### Prompt
Give back exactly the lines from the start of the entries below to the line holding "Il negozio è", that line included, and leave every picture out.

### Recorded data

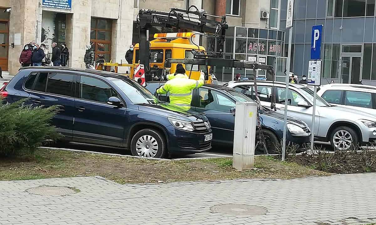 O mașină a fost ridicată din parcarea situată în fața sediului Serviciului de Evidență a Populației, de pe un loc marcat ca fiind destinat persoanelor cu nevoi speciale.
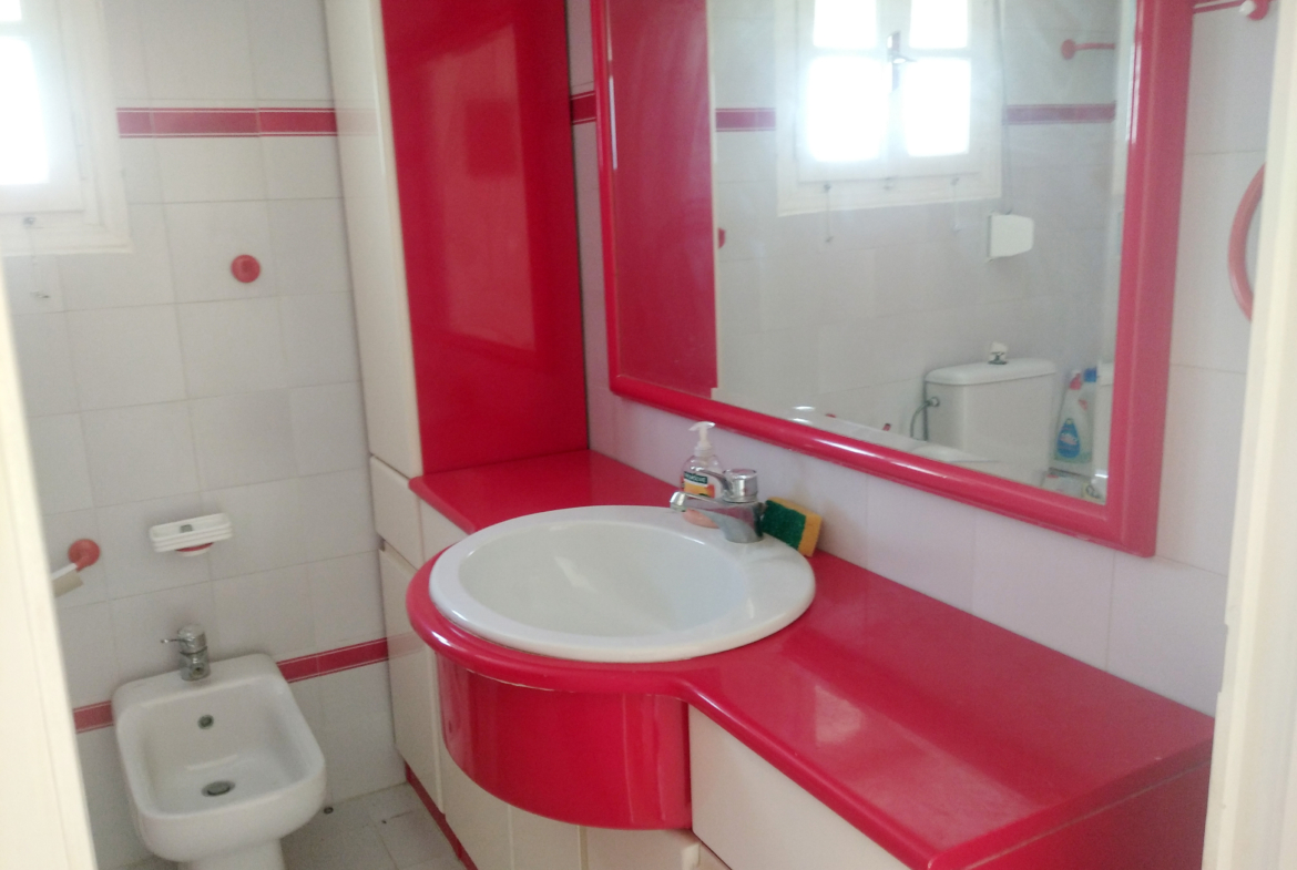 Il negozio è diviso in due spazi con due WC. Mentre l’appartamento è composto da tre camere da letto, soggiorno, cucina, bagno e una lavanderia. Alla trama ci sono anche due metri. Uno all’ingresso principale e uno sul retro della casa, a cui c’è anche l’accesso diretto dall’appartamento. La sua posizione è ideale, in quanto è molto vicino all’aeroporto e allo stesso tempo molto vicino al centro turistico e commerciale di Alinda. È facilmente raggiungibile da una strada comunale e dispone di elettricità e approvvigionamento idrico.
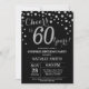 Invitation surprise 60e anniversaire avec Arrière - plan Diamant de Parties scintillant noir et argent. Confetti d'argent. Anniversaire adulte. Hommes ou femmes, anniversaire.
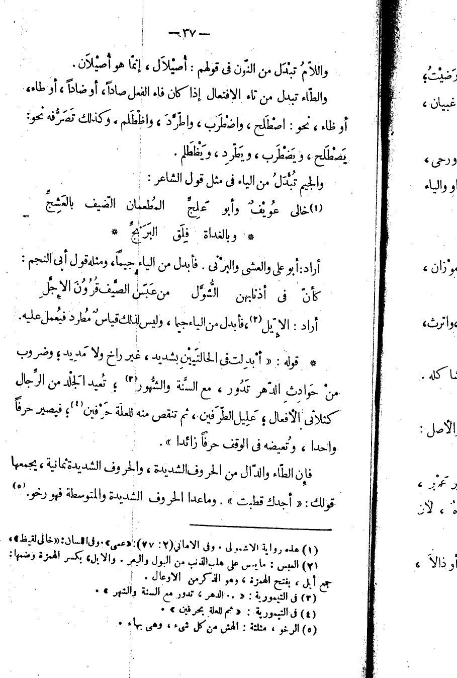 والطاء تبدل من تاء الافتعال إذا كان فاء الفعل صاداً، أو ضاداً، أو طاء، أو ظاء، نحو: اصطلح، واضطرب، واطرد، واظطلم، وكذلك تصرفه نحو: يصطلح، ويضطرب، ويطرد، ويظطلم.
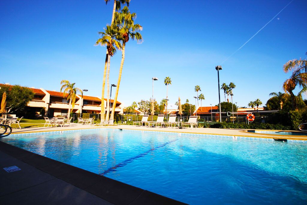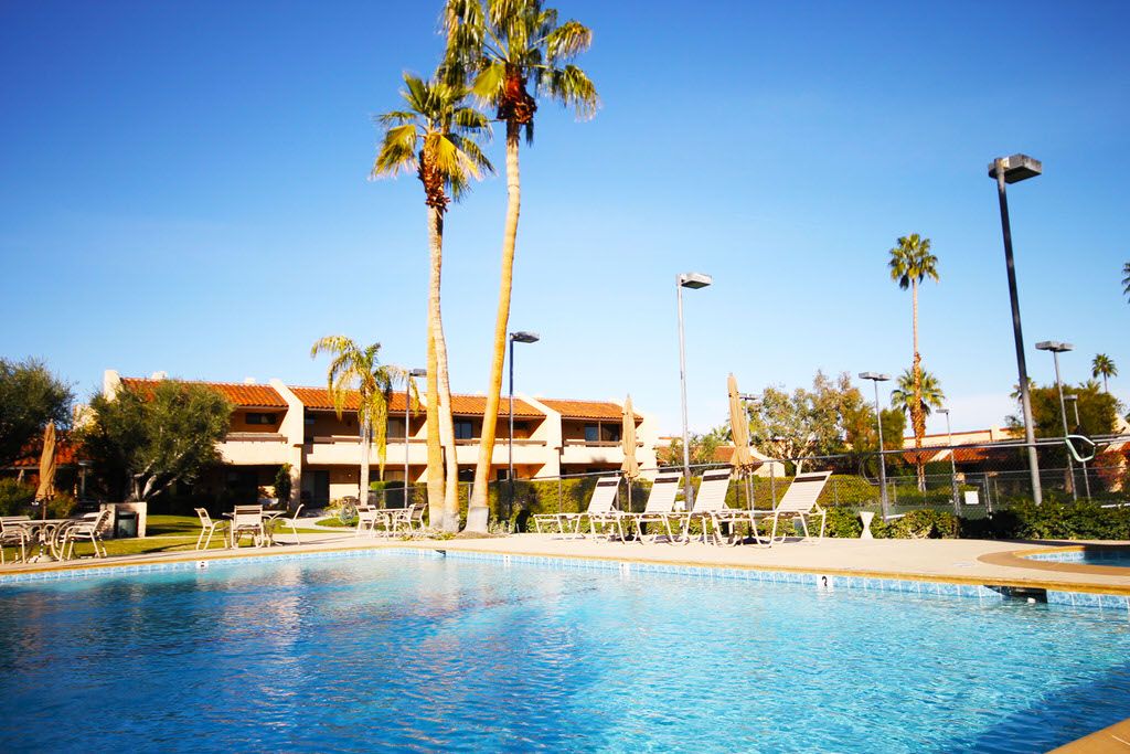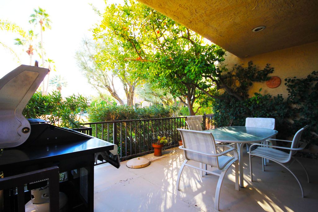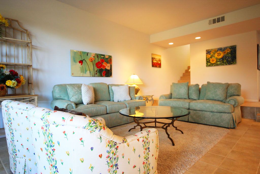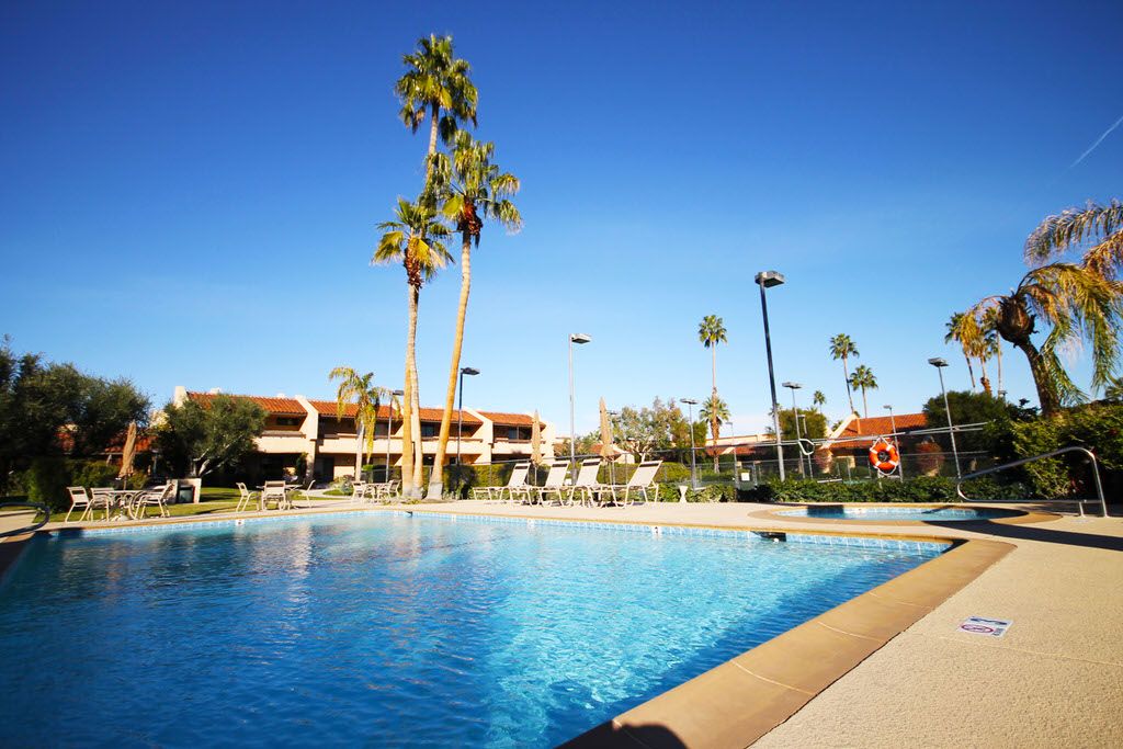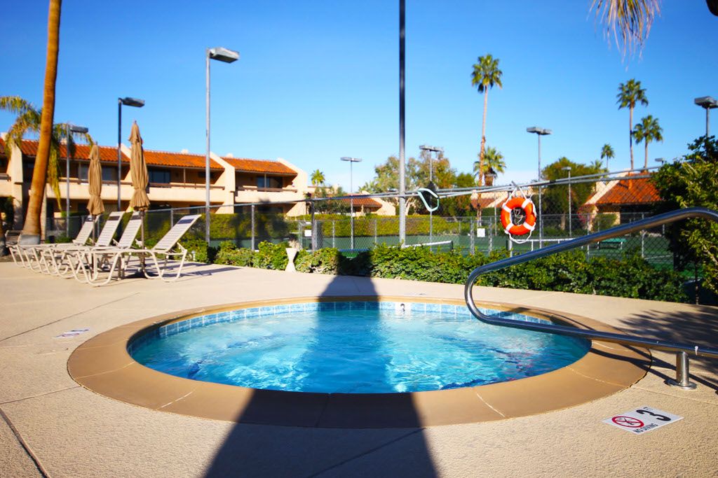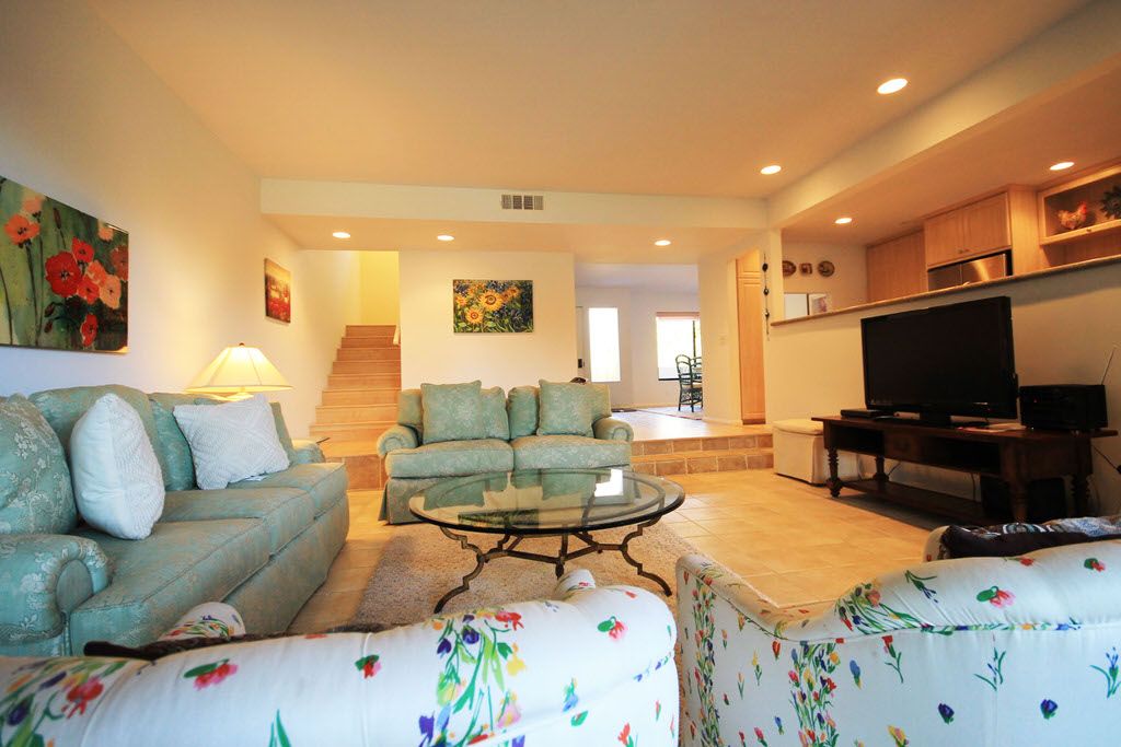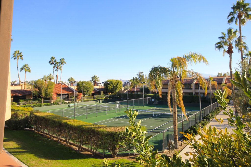 This Two bedroom townhouse style Vacation Villa features two tennis courts and a resort style swimming pool and spa inside a Low density and beautifully landscaped private community. This unique villa also features THREE patios. One on the lower level where you can just walk toward the swimming pool and the tennis courts, and both suites upstairs have its own private patio as well. All of these patios have the view of the beautiful San Jacinto Mountains.

### Result
 O mașină a fost ridicată din parcarea situată în fața sediului Serviciului de Evidență a Populației, de pe un loc marcat ca fiind destinat persoanelor cu nevoi speciale.
 Il negozio è diviso in due spazi con due WC. Mentre l’appartamento è composto da tre camere da letto, soggiorno, cucina, bagno e una lavanderia. Alla trama ci sono anche due metri. Uno all’ingresso principale e uno sul retro della casa, a cui c’è anche l’accesso diretto dall’appartamento. La sua posizione è ideale, in quanto è molto vicino all’aeroporto e allo stesso tempo molto vicino al centro turistico e commerciale di Alinda. È facilmente raggiungibile da una strada comunale e dispone di elettricità e approvvigionamento idrico.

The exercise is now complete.